The percentage of children living in severe food poverty in West and Central Africa fell from 42% to 32% over the last decade, it said, noting advances including diversified crops and performance-based incentives for health workers.

In the absence of vital nutrients, children living with “extremely poor” diets are more likely to experience wasting, a life-threatening form of malnutrition, the agency known as UNICEF said.

“When wasting becomes very severe, they are 12 times more likely to die,” Harriet Torlesse, one of the report’s authors, told The Associated Press.

In several Nigerian communities like Kaltungo in the northeast where Simon lives, UNICEF is training thousands of women in how to boost their families’ nutrient intake with cassava, sweet potato, maize and millet grown in gardens at home.

More than a dozen women gathered this week in Kaltungo’s Poshereng village to learn dozens of recipes they can prepare with those foods which, in the absence of rain, are grown in sand-filled sacks that require little water.

Mothers in Nigeria also face the country’s worst cost of living crisis. Growing food at home saves money.

Aisha Aliyu, a 36-year-old mother of five, said her latest child “used to be skinny but is growing fatter” because of what they now grow at home. Hauwa Bwami, a 50-year-old mother of five, nearly lost her grandchild to kwashiorkor, a disease with severe protein malnutrition, before the UNICEF training started a year ago. Now she grows enough food that she sells to other women.

Kaltungo is in a semi-arid agricultural region where climate change has limited rainfall in recent years. Some children have died of acute malnutrition in the past because food is scarce, said Ladi Abdullahi, who trains the women.

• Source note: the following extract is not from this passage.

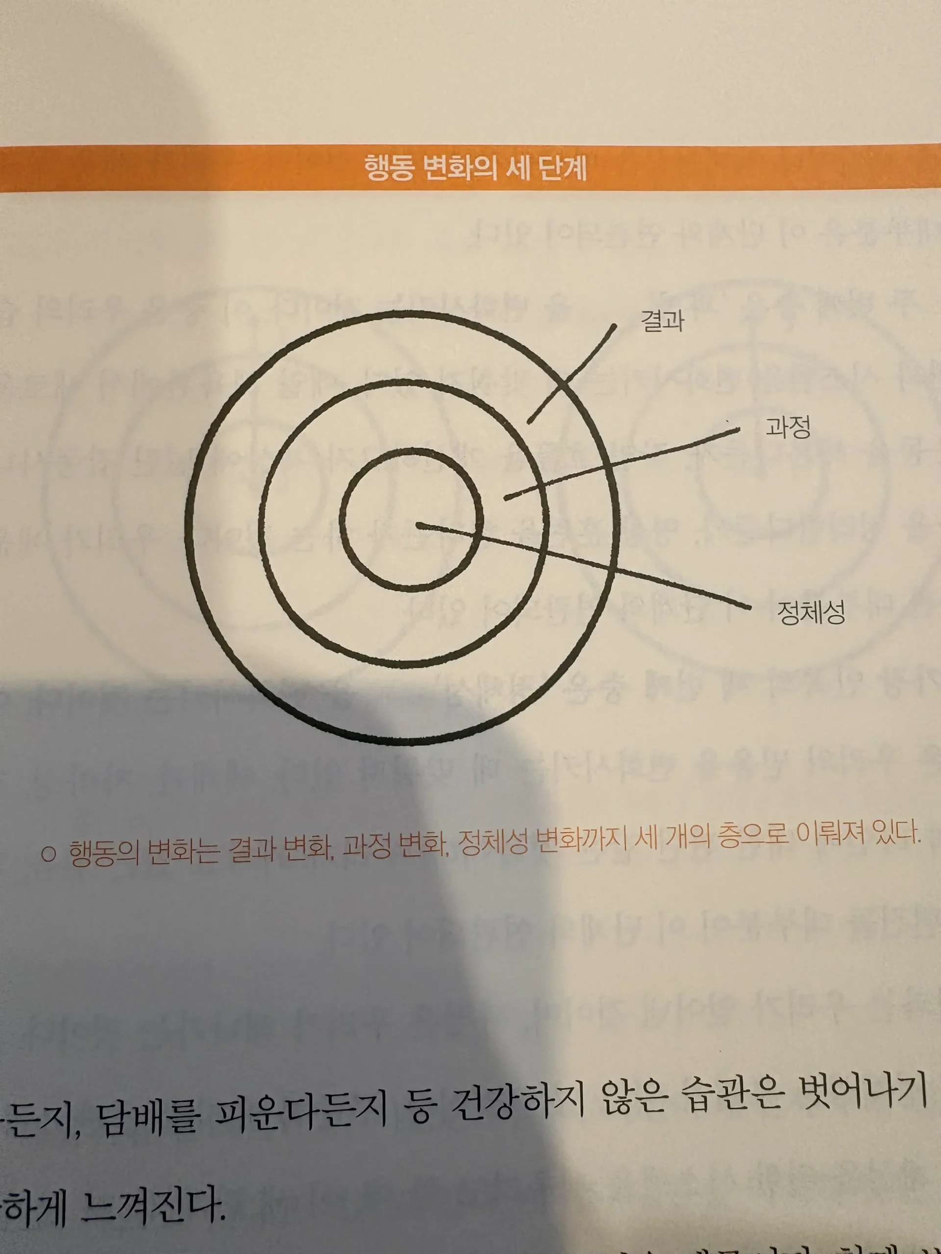 습관을 바꾸기 어려운 이유는 두 가지입니다. 변화시키고자 하는 대상이 잘못되었거나, 변화의 방식이 잘못되었기 때문입니다. 행동 변화는 세 겹의 양파와 같습니다. 가장 바깥쪽은 ‘결과(살 빼기)’, 중간은 ‘과정(운동하기)’, 가장 안쪽은 ‘정체성(믿음)’입니다.

The training “is like answered prayers for me,” Simon said in her first time with the group.

But it can be a painful lesson. Another trainee, Florence Victor, 59, watched helplessly as her nine-month-old grandchild succumbed to malnutrition in 2022.

Malnutrition also can weaken the immune system over time, leaving children vulnerable to diseases that can kill.

In the Sahel, the semiarid region south of the Sahara Desert which is a hot spot for violent extremism, there has been an increase in acute malnutrition — worse than severe food poverty — that has reached emergency levels, said Alfred Ejem, senior food security advisor with the Mercy Corps aid group in Africa.

Because of displacement and climate change, families have resorted to “bad coping mechanisms like eating leaves and locusts just to survive,” Ejem said.

In conflict-hit Sudan, children are dying of severe malnutrition in large numbers.

In Nigeria’s troubled northwest, the French medical organization Doctors Without Borders said at least 850 children died last year within 24 to 48 hours of being admitted to its health facilities.

“We are resorting to treating patients on mattresses on the floor because our facilities are full,” Simba Tirima, MSF’s Nigeria representative, said Tuesday.

Many malnourished children in the region never make it to a hospital because they live in remote areas or their families cannot afford care.

Inequality also plays a role in severe food poverty among children in Africa, the new report said. In South Africa, the most unequal country in the world, roughly one in every four children is affected by severe food poverty even though it is the continent’s most developed nation.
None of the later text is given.